Но вот Акелайтис начинает рассказывать о своих знакомствах с дворянами, помещиками – и Мацкявичюс понемногу мрачнеет.
– Ксендз! – не мог сдержать своего пыла Аколайтис. – Мы должны развивать наш прекрасный язык, нам нужны литовские школы, литература, газета! А для всего этого требуются деньги. Откуда их взять? Я подсчитал: если бы в трехстах литовских костелах ксендзы каждое воскресенье собирали хотя бы по два ауксинаса, за год наберется пять тысяч рублей серебром. Если бы настоятели приходов, объезжая верующих с колядой, собирали бы по полушке с души, то вышло бы десять тысяч серебром. Хватило бы и на школы, и на книжки, и на газеты! Но это только мечты, ксендз, – кто этим займется? Паны Балинский, Крашевский, Киркор одного со мной мнения, но у них нет денег. А знаете, ксендз, кто дал деньги? Паны Огинский, Радзивилл, Карпис, Бистрамас, Шемета. Князь Огинский звал меня в Ретаву, собирался там учредить типографию для газет и книг. Только царь отказал в разрешении.
– А о чем бы вы, господин Акелевич, писали в этой газете? – спросил Мацкявичюс, сумрачно уставившись на гостя.

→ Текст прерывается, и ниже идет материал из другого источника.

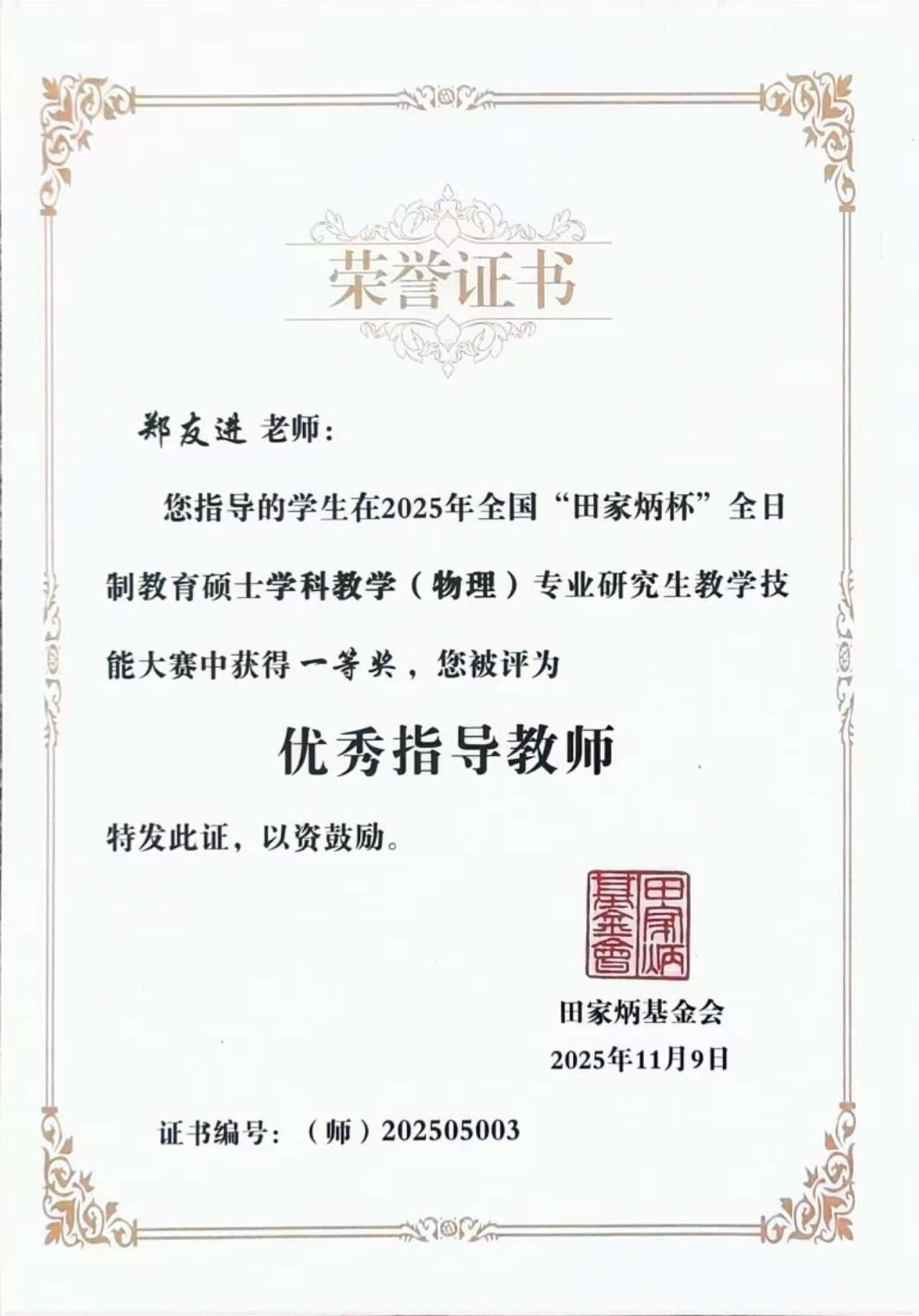 近日,2025年全国“田家炳杯”全日制教育硕士专业学位学科教学(物理)专业研究生教学技能大赛决赛暨全国学科教学(物理)专业研究生人才培养研讨会在华南师范大学圆满落下帷幕。我校2024级学科教学(物理)专业研究生崔炜烨在左桂鸿老师的带领下,凭借着扎实的专业功底、创新的教学设计和出色的临场表现,从众多优秀选手中脱颖而出,荣获大赛一等奖;郑友进老师荣获“优秀指导教师奖”。

– Как это – о чем? Обо всем! Советы по хозяйству, научно-популярные сведения, разные чтения, песни, рассказы…
– А о чьих интересах, господин Акелевич, вы радели бы в газете?
Акелайтис не совсем понял Мацкявичюса:
– О чьих интересах? Об интересах всех читателей. Писал бы то, что людям полезно, учил бы их, просвещал.
Ксендз глядел так сурово и пронзительно, что Акелайтис стал путаться, терять уверенность в себе.
– А я вам скажу, господин Акелевич, – отчеканил Мацкявичюс, – за кого вы бы ратовали. За тех, кто вам деньги дает, кто милость оказывает, – за панов и правительство. Написали бы вы, что Огинский, Карпис, Чапский, Скродский, Кайсарова и иже с ними несправедливо угнетают своих крепостных? Высказали бы, что Манзей и Скворцовы – это палачи? Указали бы, что царь и его правительство поддерживают величайшее в мире беззаконие – крепостную зависимость, горой стоят за помещиков, а сельских жителей держат в темноте и нужде? Писали бы вы это, господин Акелевич? – Мацкявичюс подчеркивал каждый вопрос ударом кулака по столу.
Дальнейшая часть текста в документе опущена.